Du hast es nicht verstanden oder flüchtig gelesen, also nochmal extra für dich: Ich will meine Rechner von der Kühlung her so konzipieren, daß die CPU bei einer Raumtemperatur von 32°-35°C auch bei Prime Small FFTs noch nicht throtteln. In der Praxis würde das vermutlich bedeuten, daß die maximale Core-Temperatur abzüglich eines eventuellen Offset unter ca. 85-95°C bleibt, wobei ich auch mit 85°C schon nicht mehr glücklich wäre, auch wenn das für diese Extrembedingungen sicherlich ein respektabler Wert ist.
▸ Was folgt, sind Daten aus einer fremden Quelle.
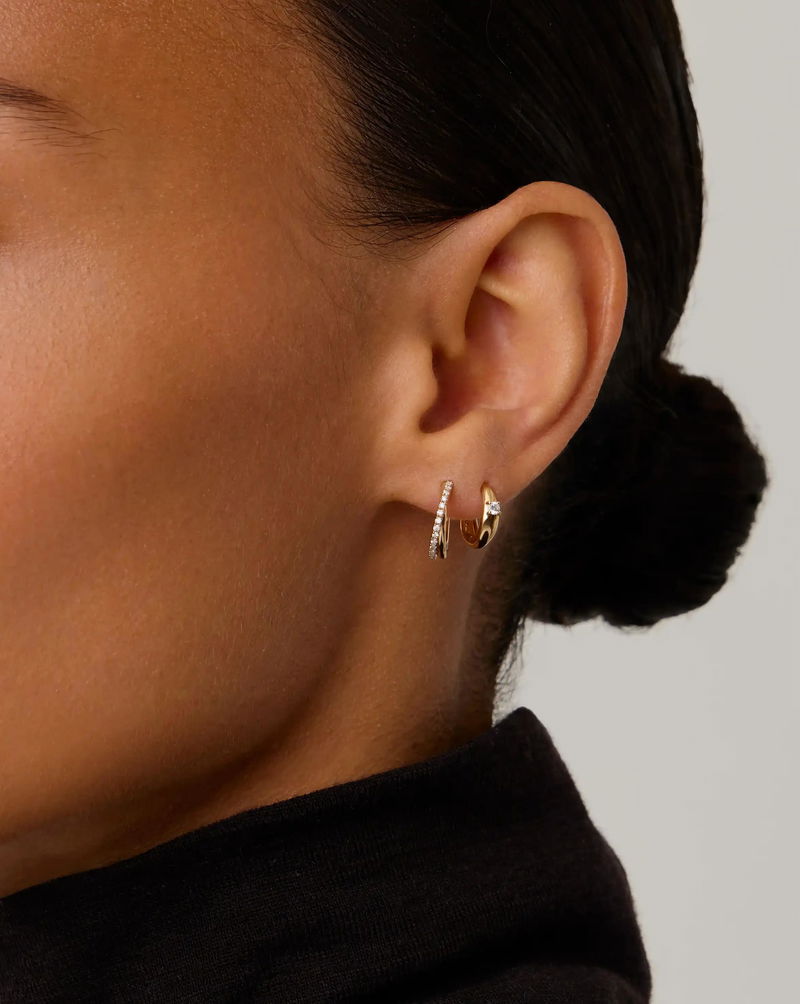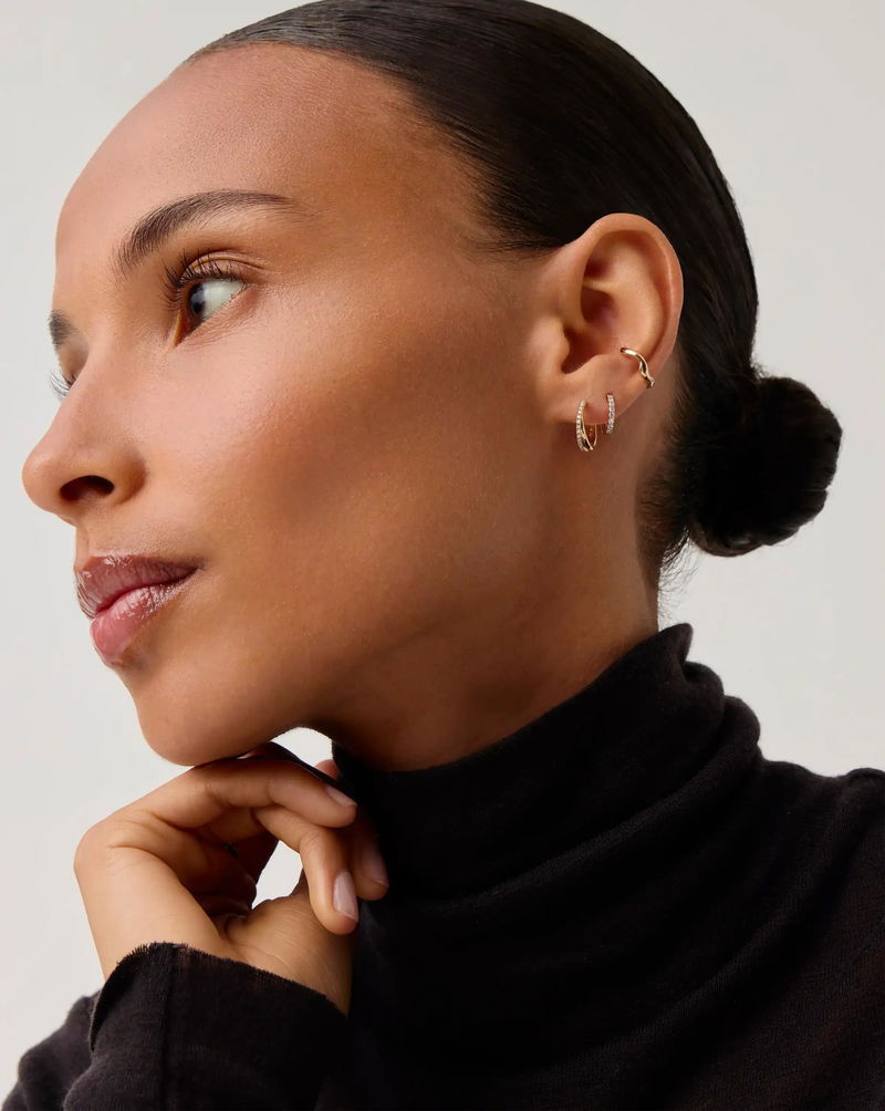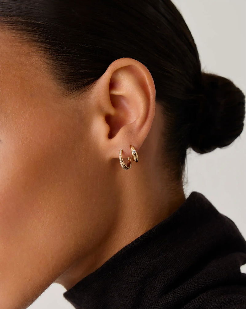 Celebrating ten years of the original jewellery collaboration with style icon Lucy Williams. An elevated take on a signature classic, these luxurious huggies are the evolution of our best selling Lucy Williams Entwine Small Hoops.
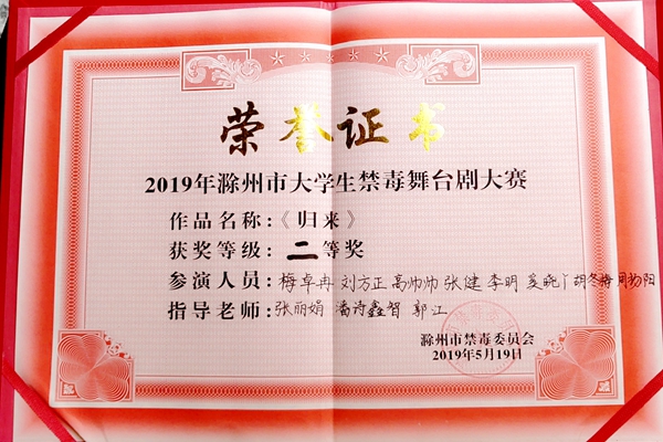 5月19日下午,“无毒青春•健康人生”2019年滁州市大学生禁毒舞台剧大赛在滁州学院水上报告厅举行。本次大赛由滁州市禁毒委员会办公室、滁州市教育体育局、滁州文化和旅游局、共青团滁州市委员会共同主办。我院原创话剧作品《归来》参赛并荣获二等奖,演员刘方正同学荣获“最佳男主角”称号。
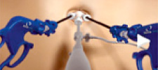 Παράλληλα, μειώνεται η καταπόνηση του χειρουργού και του εξασφαλίζει καλύτερο έλεγχο των εργαλείων’, εξηγεί ο κ. Χανδακάς.
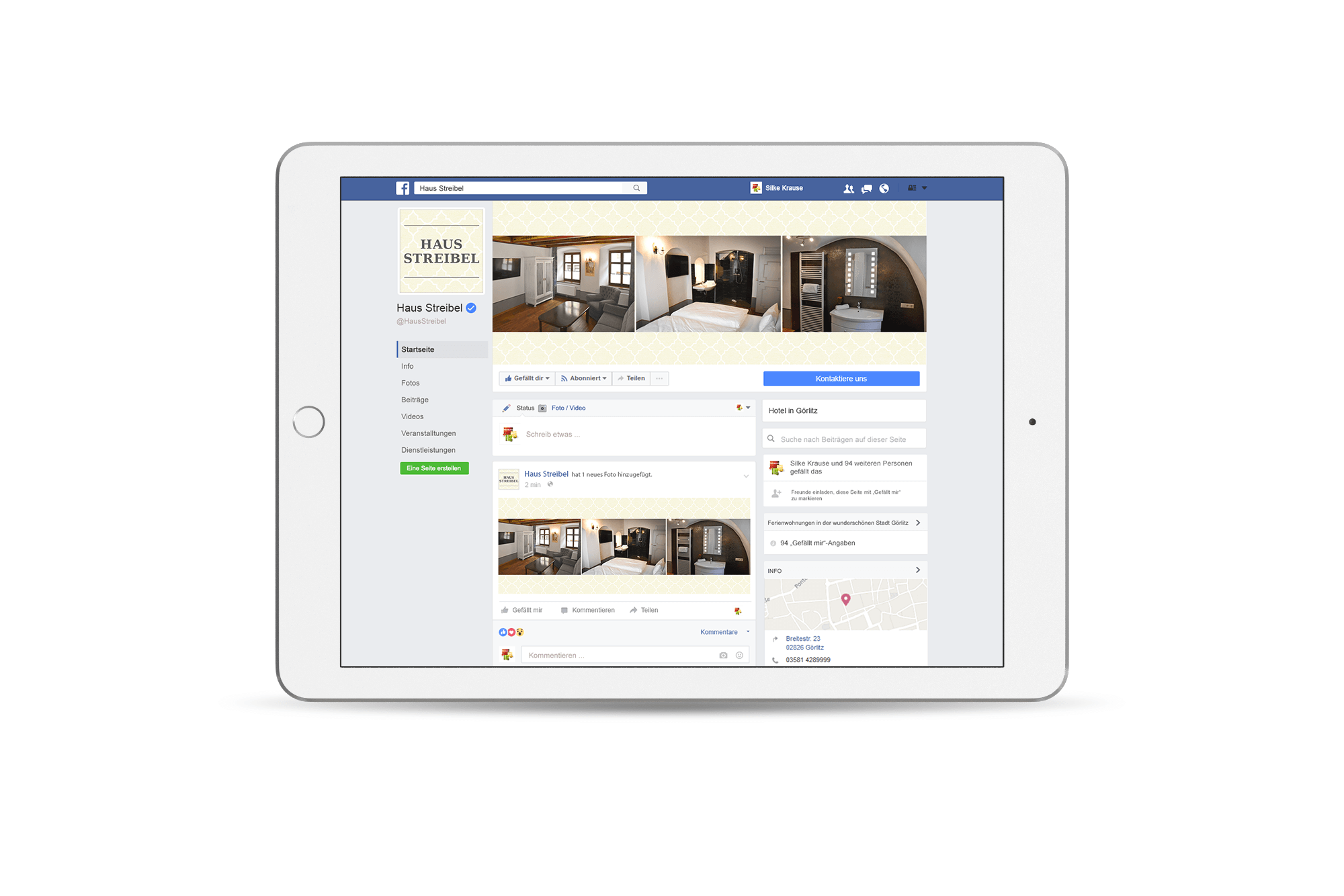 Einrichtung mit Vergabe der Administratorrecht, grafische Erstellung und Betreuung der Facebookseite
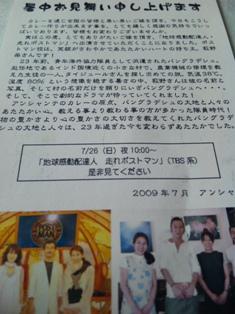 昨日、友人から暑中見舞いが届きました。彼は長野県駒ヶ根市でバングラカレーの店を経営しています。そのハガキによると、TBS系テレビで放映されている「走れポストマン」に出演することになったとのこと。放送は7/26PM10時。23年前、青年海外協力隊としてバングラデシュに派遣され農業機械の指導をしました。その時の生徒に手紙を届けるというもの、劇的なドラマが待っていたそうです。

Um das zu erreichen bekommt mein neuer PC neben dem Fractal Design Meshify C Gehäuse vorne zwei 140mm Bequiet Silent Wings 3 PWM die ansaugen, hinten einen 120mm Bequiet Silent Wings 3 PWM der raus bläst und oben noch einen 140mm Bequiet Silent Wings 3, der ebenfalls raus bläst. Als CPU-Kühler wird es wohl der Noctua NH U12S SE-AM4, der optimal im Luftstrom liegen sollte, beim Ryzen 2600 ohne OC könnte mein Vorhaben also gut klappen.
Wichtig ist mir aber, daß der Rechner trotz aller Lüfter im normalen Betrieb absolut lautlos ist und erst unter höherer Last ein dezentes Rauschen erzeugt, auch das sollte mit diesen Highend-Lüfter eigentlich klappen, sofern die Lüftersteuerung des Boards was taugt.



wuselsurfer schrieb:


> Die Lüfter sind, ähem, wie sage ich es Dir, ohne daß Du beleidigt bist,
> 
> 
> 
> ...



Ach wußte gar nicht, daß du genau diese Lenovo-Komplett-PC ebenfalls hast oder gut kennst! 
Die Lüfter sind nicht lautlos, aber bei Raumtemperaturen um die 25°C noch leise, aber immer hörbar, die Festplatte ist da aber lauter. Nur ab ca. 28°C Raumtemperatur übertönen die Lüfter die Festplatte deutlich und das egal ob ich hier im Forum schreibe oder Spiele oder Prime laufen lasse, bei letztem drehen sie aber nochmal ordentlich auf.
Aber sie sind nicht wirkungslos, denn auch bei meinem Extremtest gestern stürzte der Rechner nicht ab und schien mir auch nicht zu throtteln, wobei letzteres nur eine Vermutung ist.



wuselsurfer schrieb:


> Nimm mir's nicht übel, aber so einen physikalischen Quatsch hab ich schon lange nicht mehr gelesen.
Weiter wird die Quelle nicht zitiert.